RubyBreaker comes with its own type system to auto-document the type information. Each method in a "breakable" module is dynamically instrumented to be monitored during runtime. This monitoring code observes the types of the arguments, block, and return value of each method. Once this information is gathered, RubyBreaker will compare it to the information gathered so far. If these two types are "compatiable", RubyBreaker will choose more general type of the two. Otherwise, RubyBreaker will use the method list type to accommodate two "incompatible" types.

Subtyping and Subclassing

RubyBreaker uses subtyping to choose one from the two "compatible" types. Two types are "compatible" if one is subtype of another. This means that the subtype can be represented using the supertype instead. This is why RubyBrekaer chooses the latter to document both types. RubyBreaker relies on subclassing of Ruby to determine a subtyping relationship between two types. For example, Fixnum is considered to be subtype of Numeric since the former is subclass of the latter. (Strictly speaking, Fixnum is not really subtype of Numeric because some methods are overriden in Fixnum with method types that are not subtype of the counterparts in Numeric. But, RubyBreaker is lenient and considers them compatible--that is, Numeric can represent any Fixnum.
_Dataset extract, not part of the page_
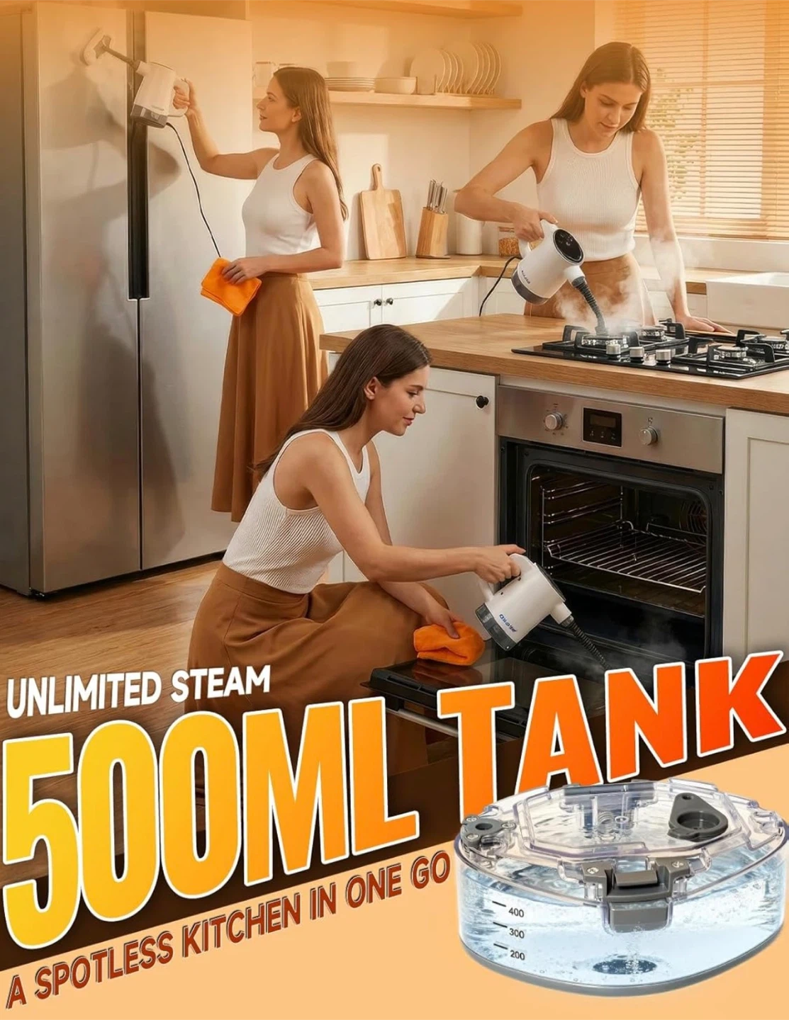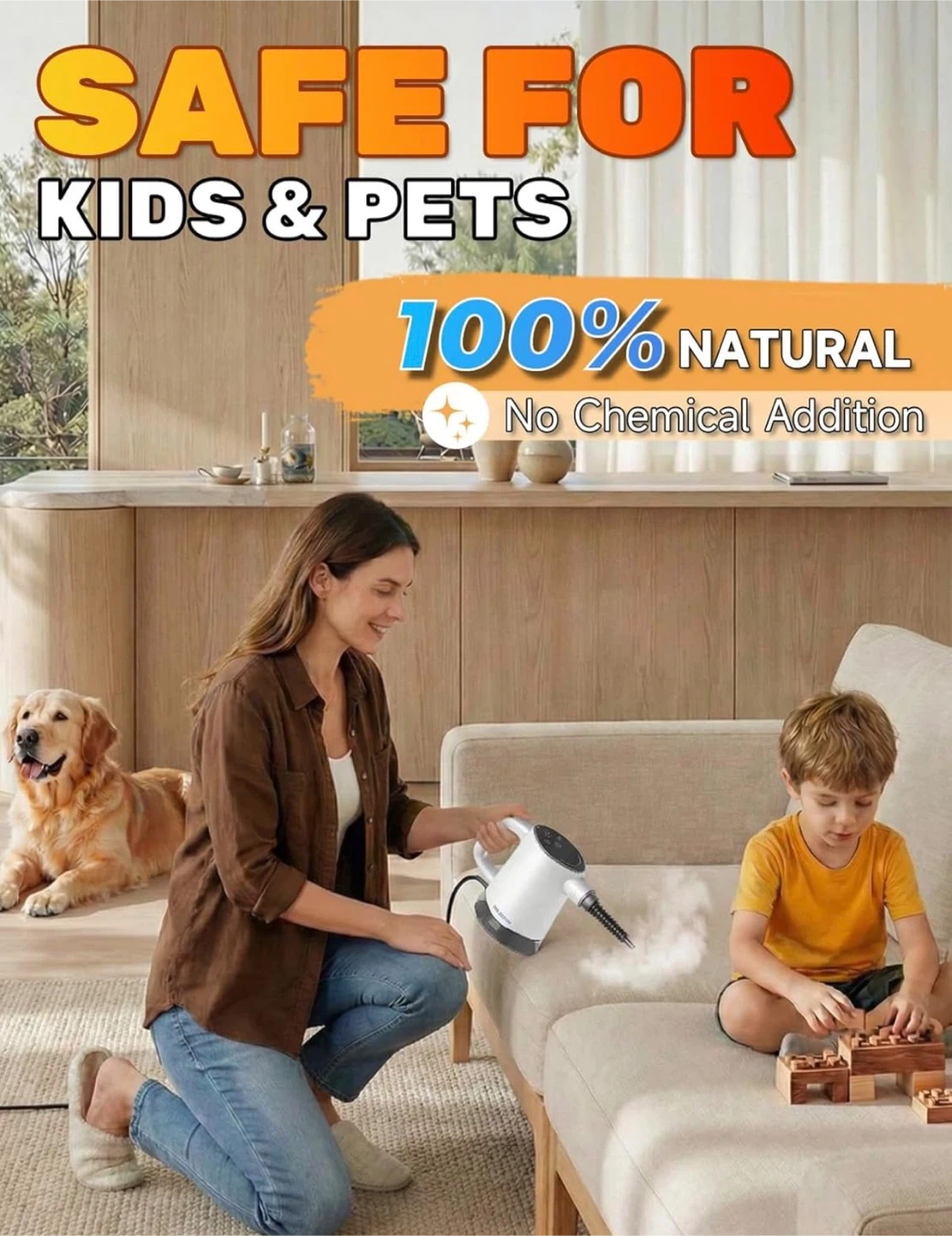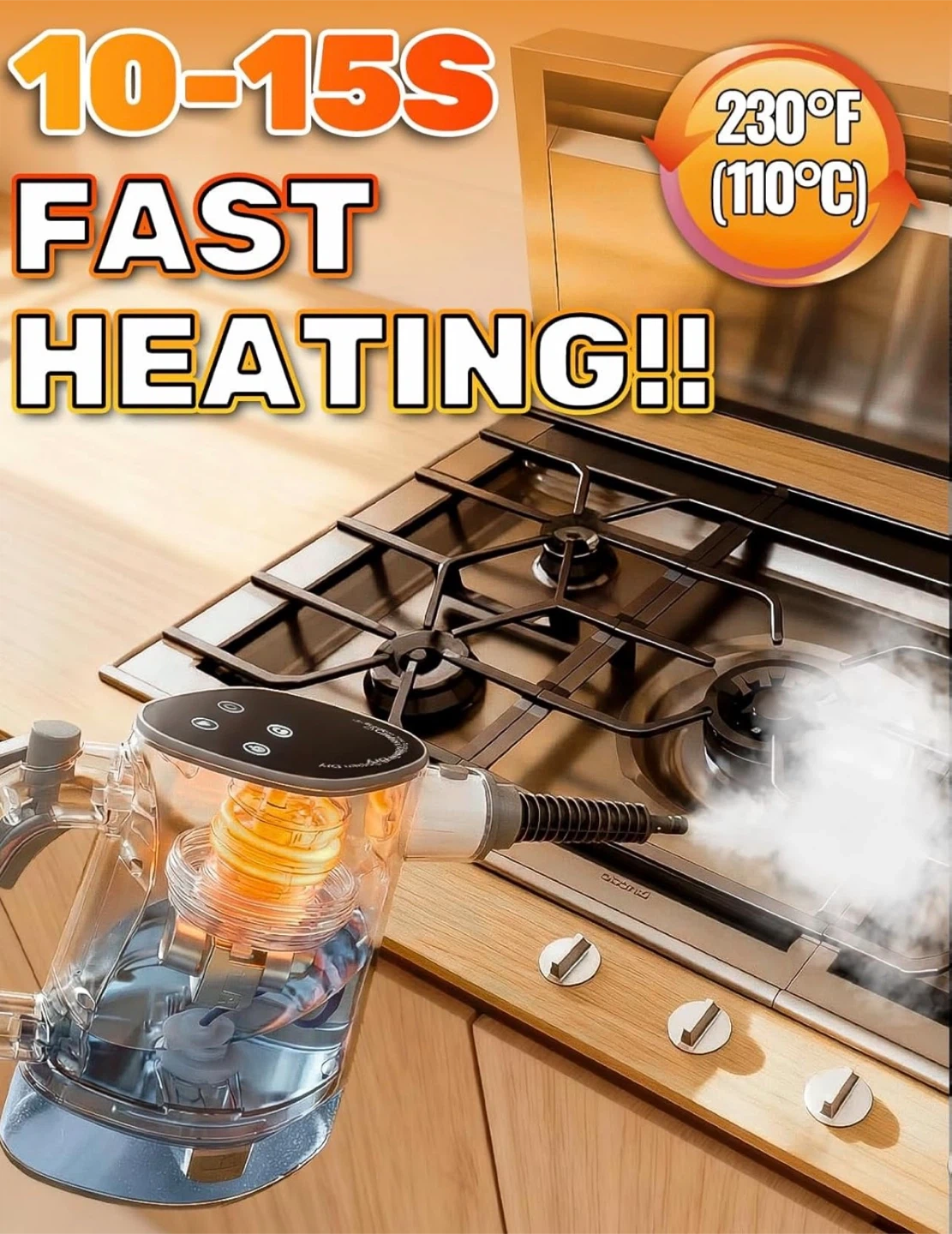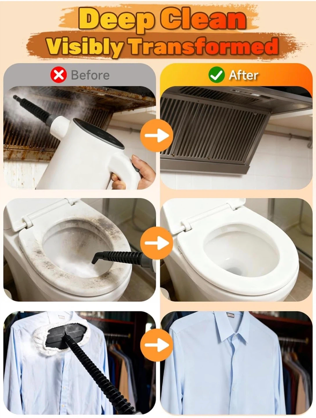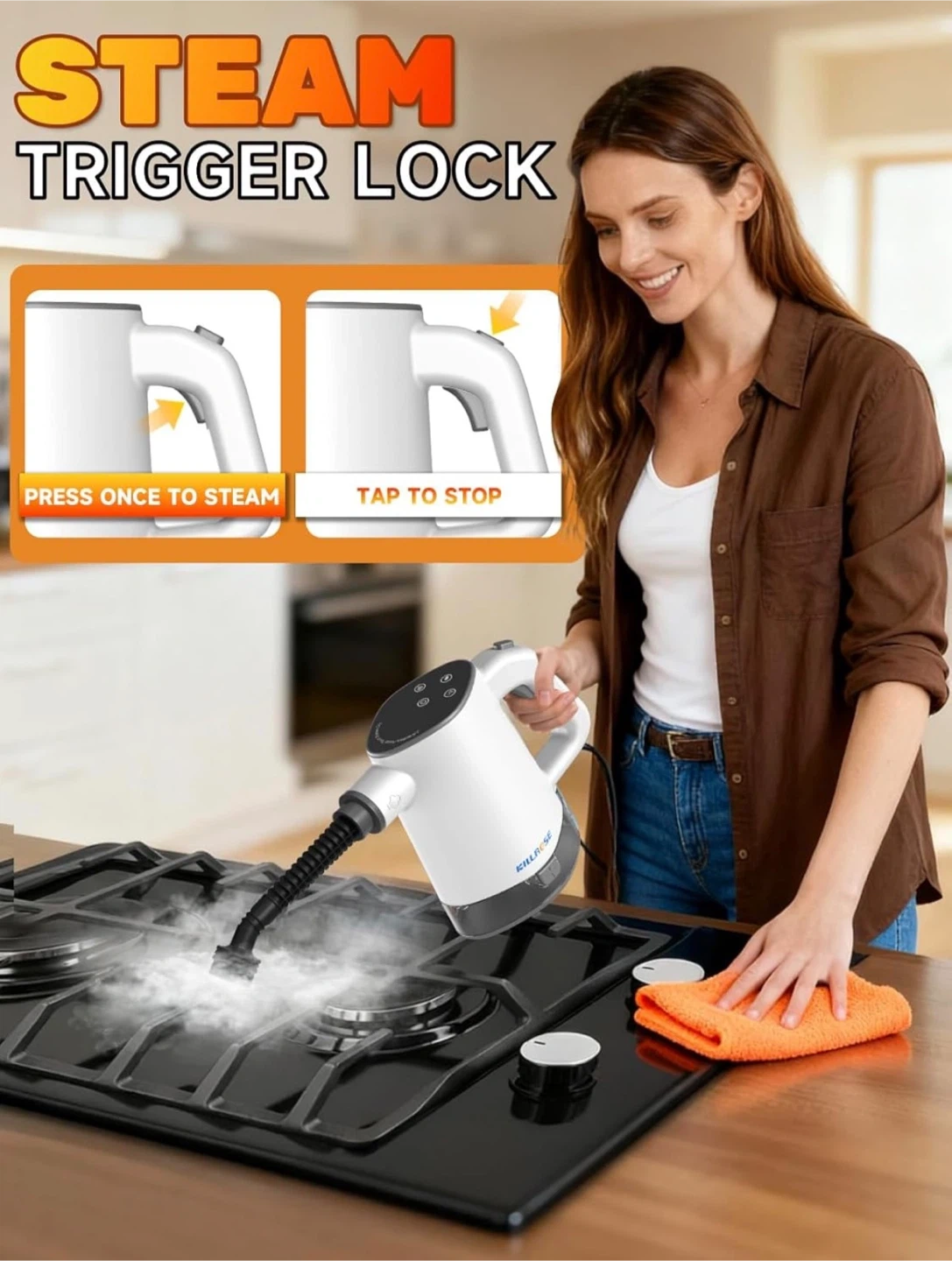 Handheld Steam Cleaner, Pressurized Steam Cleaner with 10–15s Fast Heat, Dual Power Modes & Self-Clean, Multi-Surface Steamer with 12 Accessories for Kitchen, Bathroom, Car

Pluggable Type System (Advanced)

Yes, RubyBreaker was designed with the replaceable type system in mind. In other words, anyone can write his own type system and plug it into RubyBreaker. Technical documentation coming soon...

Acknowledgment

The term, "Fusion Type," is first coined by Professor Michael W. Hicks at University of Maryland and represents an object using a structural type with respect to a nominal type.